> **Exercise details**:
All lines before the one containing "板块内规划了一所九年一贯制学校和一所24班幼儿园。", plus that line itself, are to be printed exactly as they appear below.

> **Records shown**:
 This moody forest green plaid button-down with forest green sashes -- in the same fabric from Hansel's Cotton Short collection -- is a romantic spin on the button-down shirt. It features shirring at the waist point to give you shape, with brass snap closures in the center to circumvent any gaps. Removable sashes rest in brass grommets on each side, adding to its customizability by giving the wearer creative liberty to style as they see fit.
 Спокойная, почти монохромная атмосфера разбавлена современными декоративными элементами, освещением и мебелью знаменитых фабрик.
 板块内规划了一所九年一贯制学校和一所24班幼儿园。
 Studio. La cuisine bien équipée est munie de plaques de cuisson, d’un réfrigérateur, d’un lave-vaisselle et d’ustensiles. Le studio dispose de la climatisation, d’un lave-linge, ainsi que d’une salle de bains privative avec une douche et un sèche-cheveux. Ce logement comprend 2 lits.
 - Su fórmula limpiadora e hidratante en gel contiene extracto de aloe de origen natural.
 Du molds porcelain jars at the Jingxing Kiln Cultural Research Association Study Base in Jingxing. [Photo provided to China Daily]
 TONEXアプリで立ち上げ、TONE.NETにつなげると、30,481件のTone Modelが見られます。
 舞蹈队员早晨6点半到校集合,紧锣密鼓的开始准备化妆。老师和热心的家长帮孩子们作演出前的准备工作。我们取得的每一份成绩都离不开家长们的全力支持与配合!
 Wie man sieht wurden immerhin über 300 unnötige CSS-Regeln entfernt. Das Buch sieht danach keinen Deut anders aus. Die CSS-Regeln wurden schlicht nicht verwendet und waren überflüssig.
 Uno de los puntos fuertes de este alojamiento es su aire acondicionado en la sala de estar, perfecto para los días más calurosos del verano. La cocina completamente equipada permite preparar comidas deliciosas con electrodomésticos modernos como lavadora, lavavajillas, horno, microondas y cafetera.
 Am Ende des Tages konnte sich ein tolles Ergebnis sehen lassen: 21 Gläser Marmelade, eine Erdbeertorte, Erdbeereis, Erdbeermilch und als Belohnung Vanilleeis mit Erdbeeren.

> **Final answer**:
 This moody forest green plaid button-down with forest green sashes -- in the same fabric from Hansel's Cotton Short collection -- is a romantic spin on the button-down shirt. It features shirring at the waist point to give you shape, with brass snap closures in the center to circumvent any gaps. Removable sashes rest in brass grommets on each side, adding to its customizability by giving the wearer creative liberty to style as they see fit.
 Спокойная, почти монохромная атмосфера разбавлена современными декоративными элементами, освещением и мебелью знаменитых фабрик.
 板块内规划了一所九年一贯制学校和一所24班幼儿园。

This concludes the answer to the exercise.